People are easily lured by pay as you go plans on serverless and other cheap to get started managed services and end up racking huge bills.
This is same reason I don't use stack driver or cloud monitoring and prefer to use it graphana + loki + Prometheus setup
My setup cannot be mosco figured and end up racking huge bills.
This is bad because there are fitness guides on my domain
https://macrocodex.app/guides which newbies often put in chatgpt and asks to simplify.
I enabled crawl for LLMs. There is lot of misinformation in fitness field so it's better if LLMs get their content from people who atleast have experience in the field
jdw64•3h ago
johng•1h ago
It's going to be a serious problem and I've already seen sites that are down 90% in traffic simply because AI is scraiping them, answering the questions themselves and never providing a linkback.
01284a7e•1h ago
gbgarbeb•36m ago
diatone•29m ago
pixl97•1h ago
Dead internet manifest.
nilirl•25m ago
I'm a copywriter and I used to get hired to write posts on behalf of founders on LinkedIn or for their company blog.

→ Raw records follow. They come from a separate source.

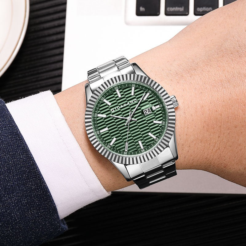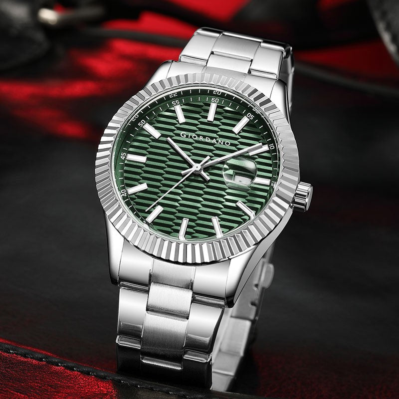 Giordano Luxurious Analog Formal Watch for Men - Textured dial with Date Magnifier Glass and Solid Stainless Steel Strap | GZ-50115-44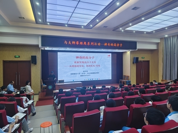 当日下午 5 时,学校 “与大师零距离” 系列活动如期举行。香港城市大学(东莞)张仕明教授带来题为《神奇的高分子 —— 从绝缘到导电再到发光发电》的科普讲座。张教授结合自身科研与产业经历,深入浅出讲解高分子材料的前沿应用,带领同学们领略材料科学与柔性电子的魅力,激发大家对科技创新的兴趣与探索热情。
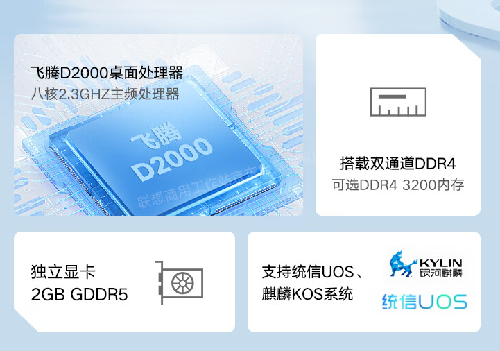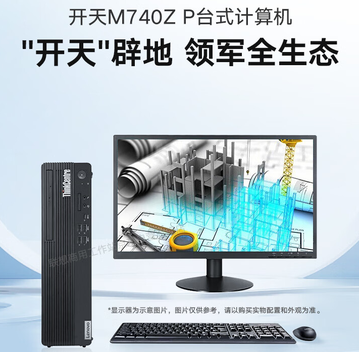 联想/LENOVO M740Z P-589 台式计算机 FT-D2000 8G 512G 2G DVDRW 银河麒麟V10试版 8.2升三年保 23.8寸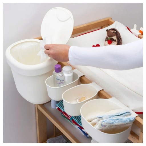 У цих кошиках на пеленальному столику все під рукою - від пелюшок і мочалок до засобів по догляду за шкірою та рушників. Ідеально підходить, якщо у вас жвава дитина, яка потребує постійної уваги. Кошики економлять місце, вішаючи їх на край пеленального столика.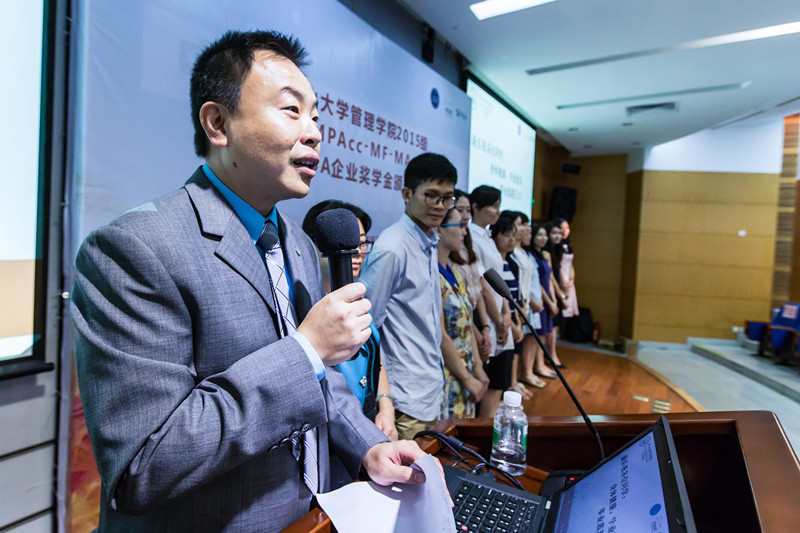 随后,深圳市航鹏海洋环保服务有限公司董事长助理林汉良先生以及中国联合网络通信有限公司广东省分公司副总经理胡行正先生分别上台致辞,他们表示将一如既往地大力支持中大管院MBA项目,希望学院能为社会各界持续输送高素质人才。致辞结束后,胡行正先生、林汉良先生以及永利集团3044官网402永利集团官网漆小萍书记分别为2015级“中国联通MBA新人奖”,“振芳MBA奖学金”以及MBA新生“英语优异奖”的获奖者颁发了荣誉证书。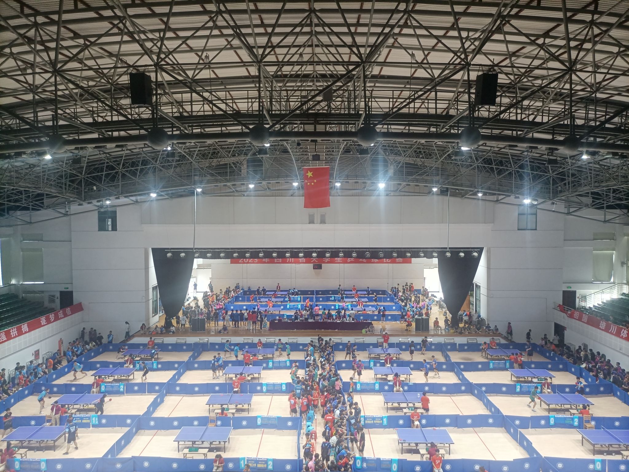 2023年四川省乒乓球比赛于6月9日在我校航空港校区开幕,比赛由四川省教育厅主办、四川大学生体育协会执行、我校承办,是四川省高校乒乓球最高水平和历史最大规模的赛事。本届比赛吸引了来自全省77个高校的102支代表队参与,1000余名运动员、教练员齐聚我校航空港校区,参加高校组、专业组、高水平组、高职高专组4个组别的7个项目。

Now, the last three jobs I had were all focused on sending cold email.
ryandrake•16m ago
We need to stop this treadmill of trying to "build reputation" and stop focusing on "symbolic capital" and "clout" and whatever else bloggers are going after. You're not going to get it, and even if you do, you're not going to be able to "monetize" it.

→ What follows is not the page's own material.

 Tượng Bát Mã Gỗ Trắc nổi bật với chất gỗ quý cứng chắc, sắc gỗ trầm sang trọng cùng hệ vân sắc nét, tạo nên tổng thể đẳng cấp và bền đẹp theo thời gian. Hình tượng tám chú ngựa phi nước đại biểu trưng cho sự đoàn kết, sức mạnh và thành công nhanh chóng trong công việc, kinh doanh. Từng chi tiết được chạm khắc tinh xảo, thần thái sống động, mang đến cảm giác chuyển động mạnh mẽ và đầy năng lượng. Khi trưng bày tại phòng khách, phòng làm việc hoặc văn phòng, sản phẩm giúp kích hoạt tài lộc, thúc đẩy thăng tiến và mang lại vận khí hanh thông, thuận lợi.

If you have a need to write, write. Maybe a handful of actual people will read it, maybe not. But, I wouldn't try to do it for a living. The reward will have to be the cathartic process of writing itself, and not in how much attention it gets, how much it "blows up" or how viral it gets.
jdw64•7m ago
What I need is for my writing to spread enough that I can receive opportunities to have my programming ability evaluated.
The reason I write about programming is that, in the past, some readers found my programming essays interesting, and that led to chances for me to be tested. I had to leave graduate school because of financial problems, and I did not graduate from a prestigious university.
So this is not simply about monetizing writing. It is a struggle to receive opportunities. Those are fundamentally different things.
Some people may be happy writing things that nobody reads. But many people are happier when they can share their writing and let their values collide with those of others.